#### Dataset records ####

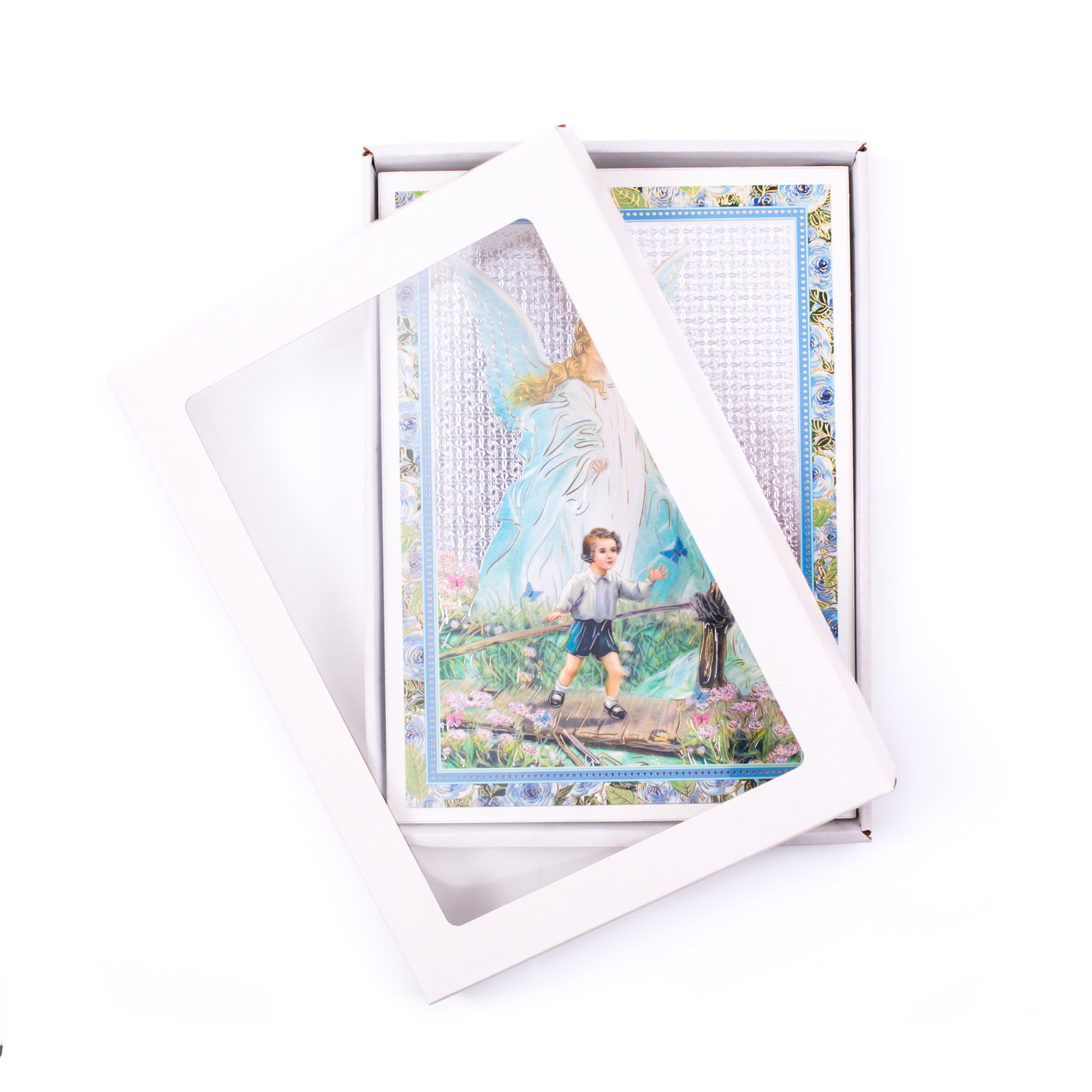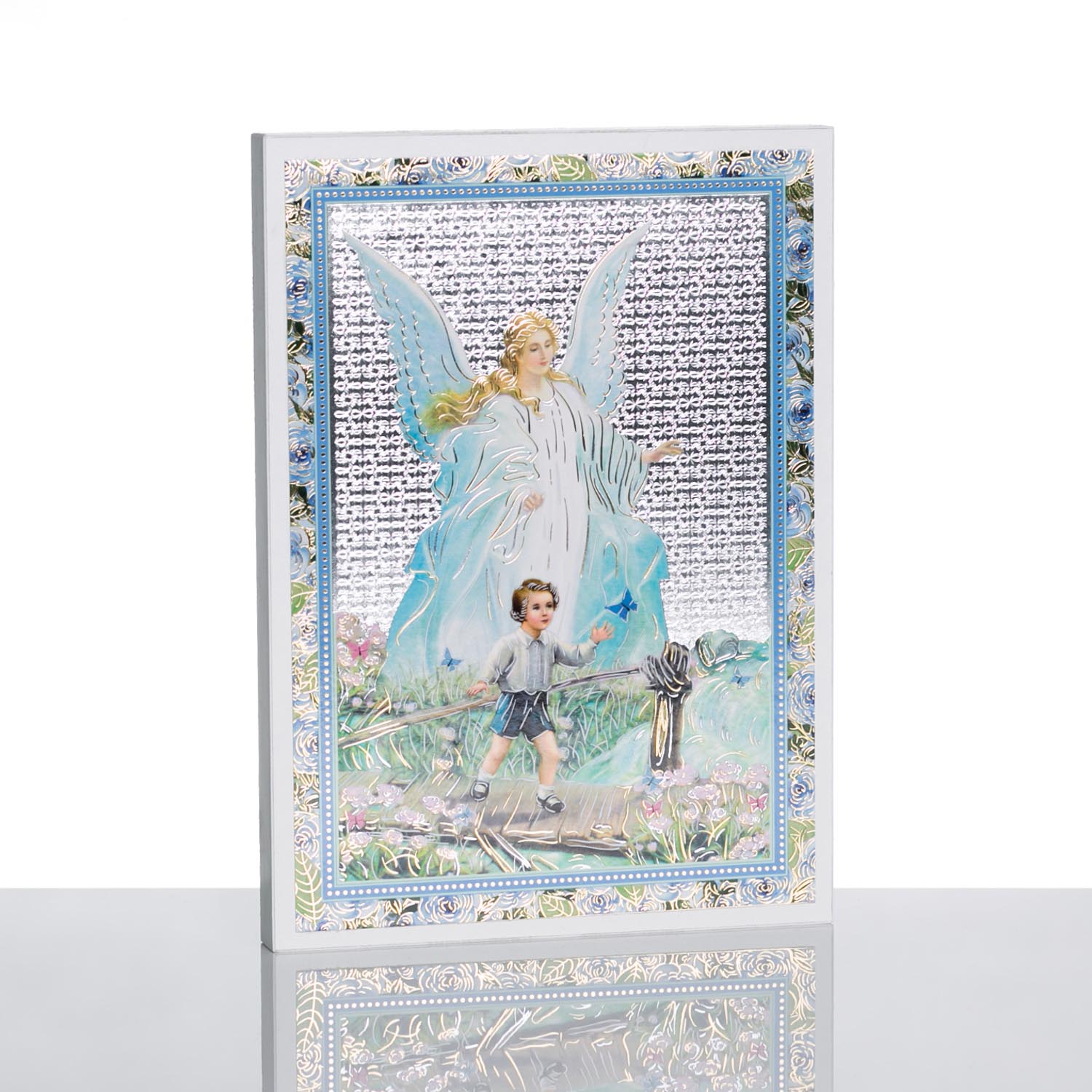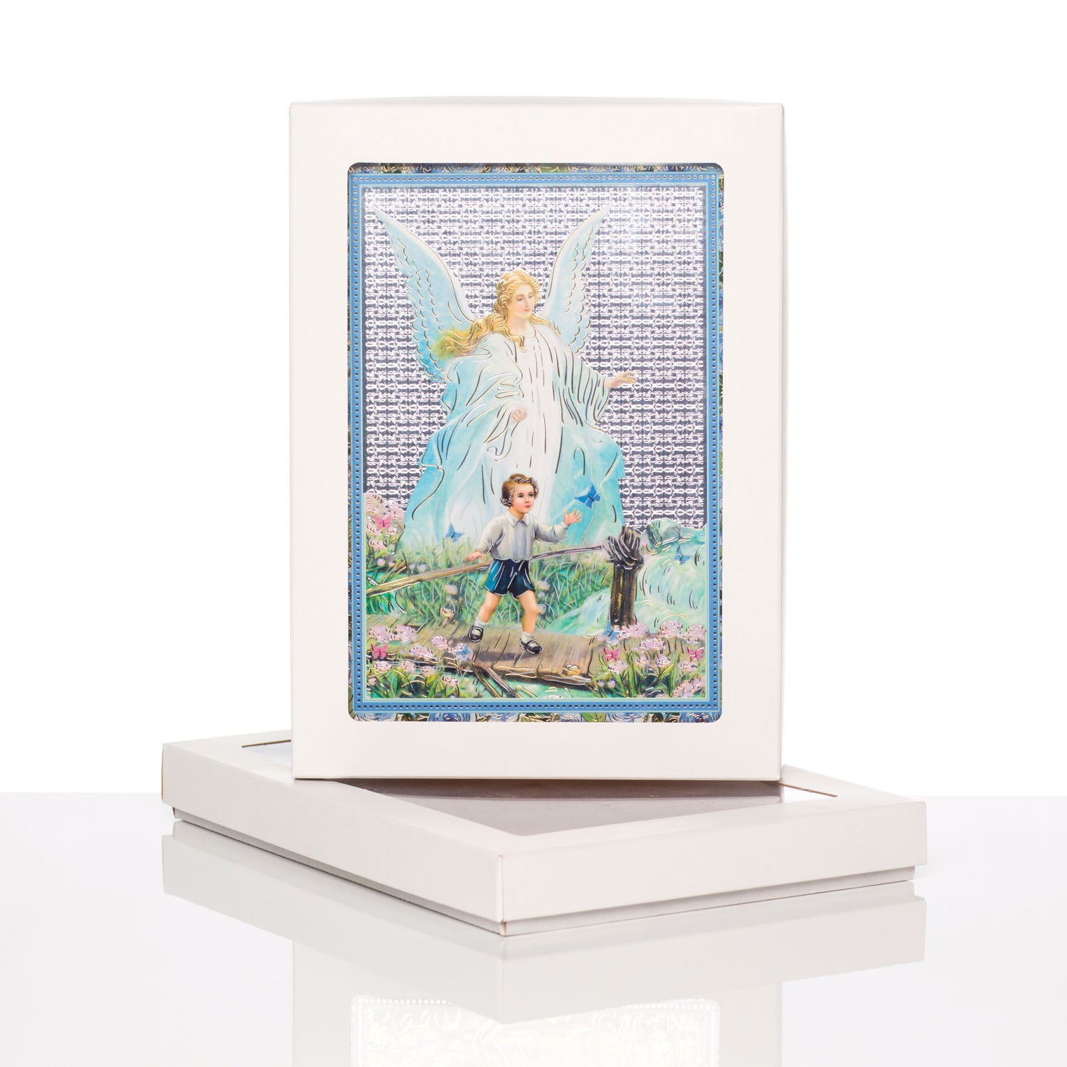 Unikátna ikona s krásnou, farebnou grafikou. Produkt zobrazuje anjela strážneho a malého chlapčeka. Prítomnosť nebeskej bytosti v blízkosti hrajúceho sa dieťaťa zdôrazňuje povinnosť pridelenú anjelom - starať sa o človeka v každom okamihu jeho života. Produkt má početné dekorácie a strieborné pozadie. Ukončené v modrej farbe.
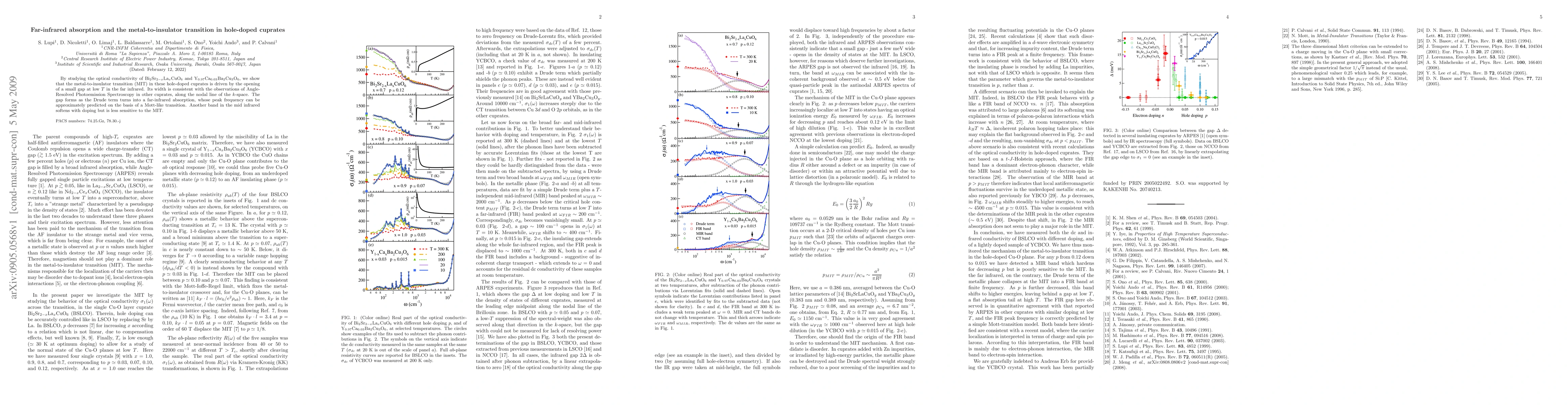 This paper demonstrates that the metal-to-insulator transition in hole-doped cuprates like BSLCO and YCBCO is driven by a small gap opening in the far-infrared region, consistent with ARPES observations. The transition is marked by the transformation from a Drude term to far-infrared absorption, with the peak frequency predicted by a Mott-like transition.
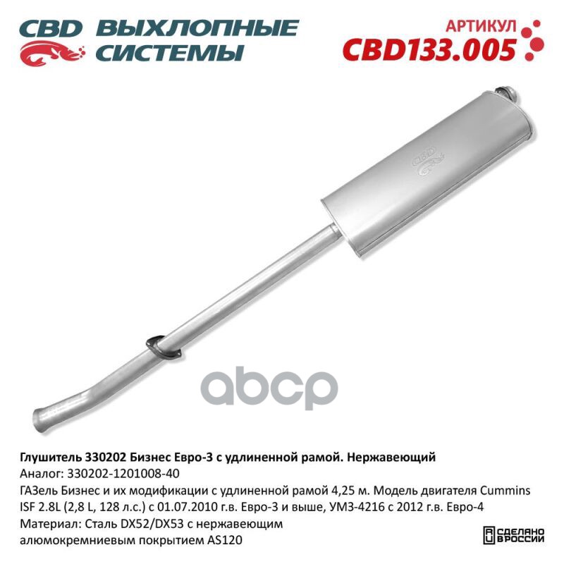 Глушитель ГАЗель Бизнес и их модификации c удлиненной рамой CBD.
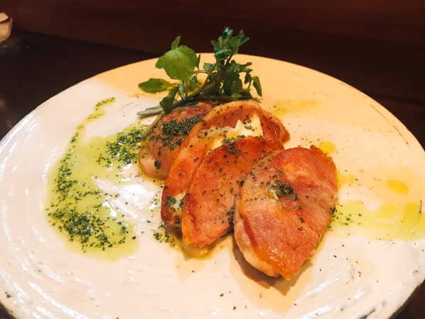 写真はボンレスハムのサルティンボッカ、ロースハムとトンナータソース、バラベーコンのフジッリの写真で、商品画像は準備中です(汗)
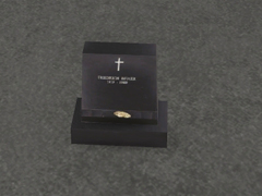 Graves for a British and American style cemetery (B&A). Graves with stone or marble headstones. Traditional upright or vertical tombstones (·V), consist of two stone slabs: the base slab and the tablet slab. The tablet part stands erect on top of the base having information about the deceased’s name, age, etc. They can be manufactured in various styles and forms of finish. Clean, new or nearly new tombstone (N.). Version 30.

####

**Exercise description**
Pictures are not part of the answer. Restate word for word the lines from the one with "This paper demonstrates" through the last line of the records.

**Response to the task**
 This paper demonstrates that the metal-to-insulator transition in hole-doped cuprates like BSLCO and YCBCO is driven by a small gap opening in the far-infrared region, consistent with ARPES observations. The transition is marked by the transformation from a Drude term to far-infrared absorption, with the peak frequency predicted by a Mott-like transition.
 Глушитель ГАЗель Бизнес и их модификации c удлиненной рамой CBD.
 写真はボンレスハムのサルティンボッカ、ロースハムとトンナータソース、バラベーコンのフジッリの写真で、商品画像は準備中です(汗)
 Graves for a British and American style cemetery (B&A). Graves with stone or marble headstones. Traditional upright or vertical tombstones (·V), consist of two stone slabs: the base slab and the tablet slab. The tablet part stands erect on top of the base having information about the deceased’s name, age, etc. They can be manufactured in various styles and forms of finish. Clean, new or nearly new tombstone (N.). Version 30.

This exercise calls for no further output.